Deakin researchers design maintenance-free bridge for Geelong park
Media release
A pedestrian bridge designed by Deakin University researchers for a North Geelong park will use a new type of reinforced concrete that doesn't need any maintenance.
The bridge over Cowies Creek at Deppeler Park will be made from sustainable concrete with carbon and glass fibre reinforcement that should ensure the bridge requires no maintenance over its 100 year life-span.
Deakin researchers Dr Mahbube Subhani and Dr Kazem Ghabraie designed the bridge for North-Geelong based engineering firm Austeng when Austeng won a tender to build two pedestrian bridges from the City of Greater Geelong (COGG).
Dr Subhani said the new design would avoid the usual problem of corrosion that occurs in conventional steel reinforced concrete construction.
"We have replaced the steel reinforcing bar normally used in steel reinforced concrete with more durable carbon and glass fibre reinforced polymer," Dr Subhani said.
"Structures made with steel reinforced concrete require maintenance about every five years and major maintenance or rehabilitation every 20 years.
"This bridge should not require any maintenance for the whole of its design life," Dr Subhani said.

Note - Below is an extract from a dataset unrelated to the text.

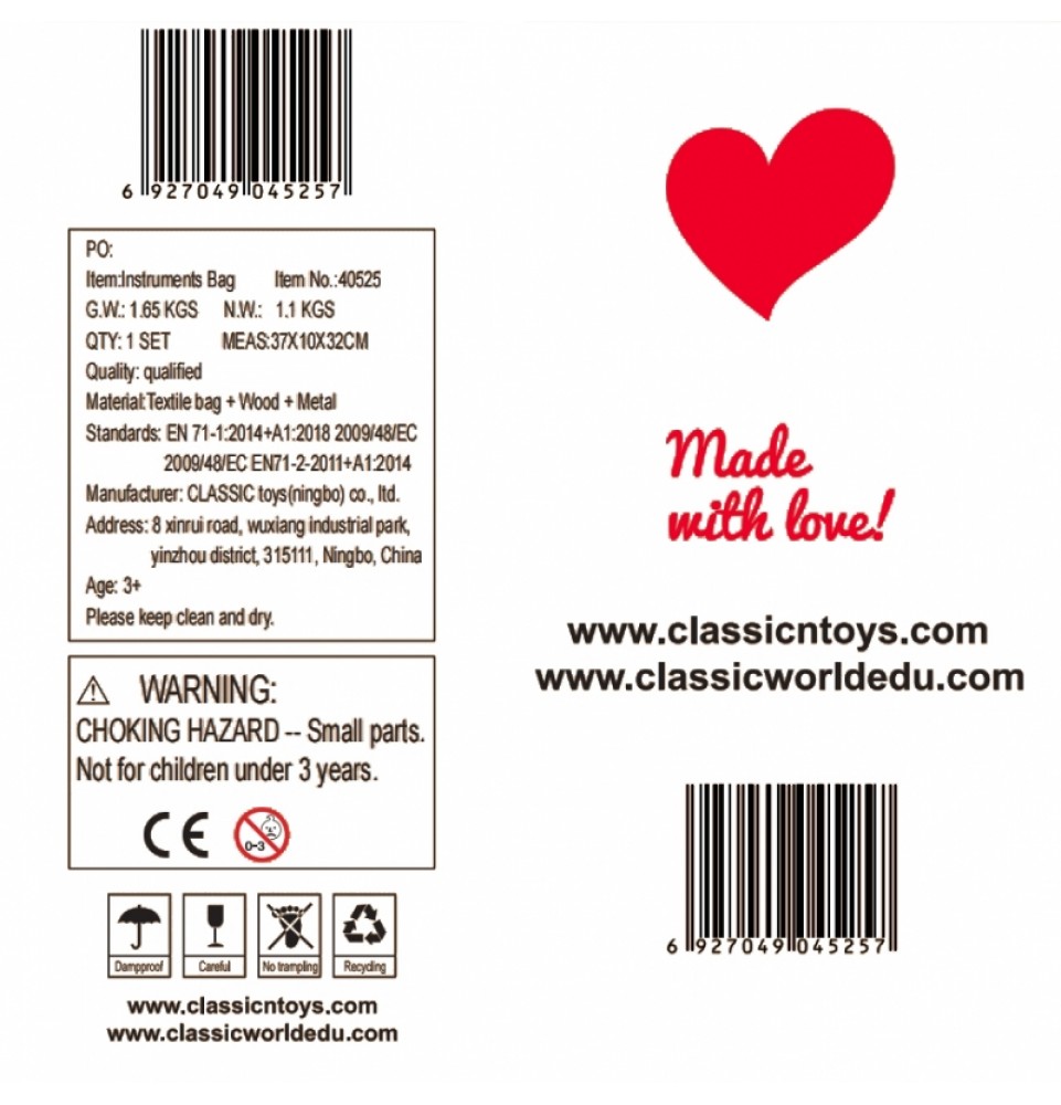 Garsaus „Classic World“ prekės ženklo instrumentų rinkinys yra puikus produktas jūsų vaikui. Žaislas, kuris padės Jis lavins jūsų vaiko rankinius ir klausos įgūdžius bei sustiprins natūralų ritmo pojūtį. Rinkinį sudaro devyni muzikos instrumentai , kurie bus neatsiejama kasdienio žaidimo dalis. Jis taip pat puikiai tinka kelionėms , nes supakuotas patogiame nešiojimo dėkle.

Carbon and glass fibre reinforced polymer is stronger than steel and five times lighter than reinforced steel.
It also needs much less energy to make – just 25 per cent of the energy required to produce steel.
"The geopolymer concrete used in the bridge construction is also environmentally sustainable," Dr Subhani said.
"Instead of cement, the concrete has been made using fly ash, a by-product of coal combustion.
"Cement is responsible for seven per cent of the world’s total CO2 emissions so this structural element has the potential to cut down the maintenance cost as well as reduce CO2 emissions."
The beam was cast by geopolymer concrete manufacturer, Rocla, and pre-testing has already shown the bridge can successfully carry the design load.
COGG maintains about 160 recreational bridges and that number is growing through subdivision development.
Dr Subhani and his design team hope that their environmentally sustainable maintenance-free bridge is a potential candidate for new and replacement bridges throughout the city.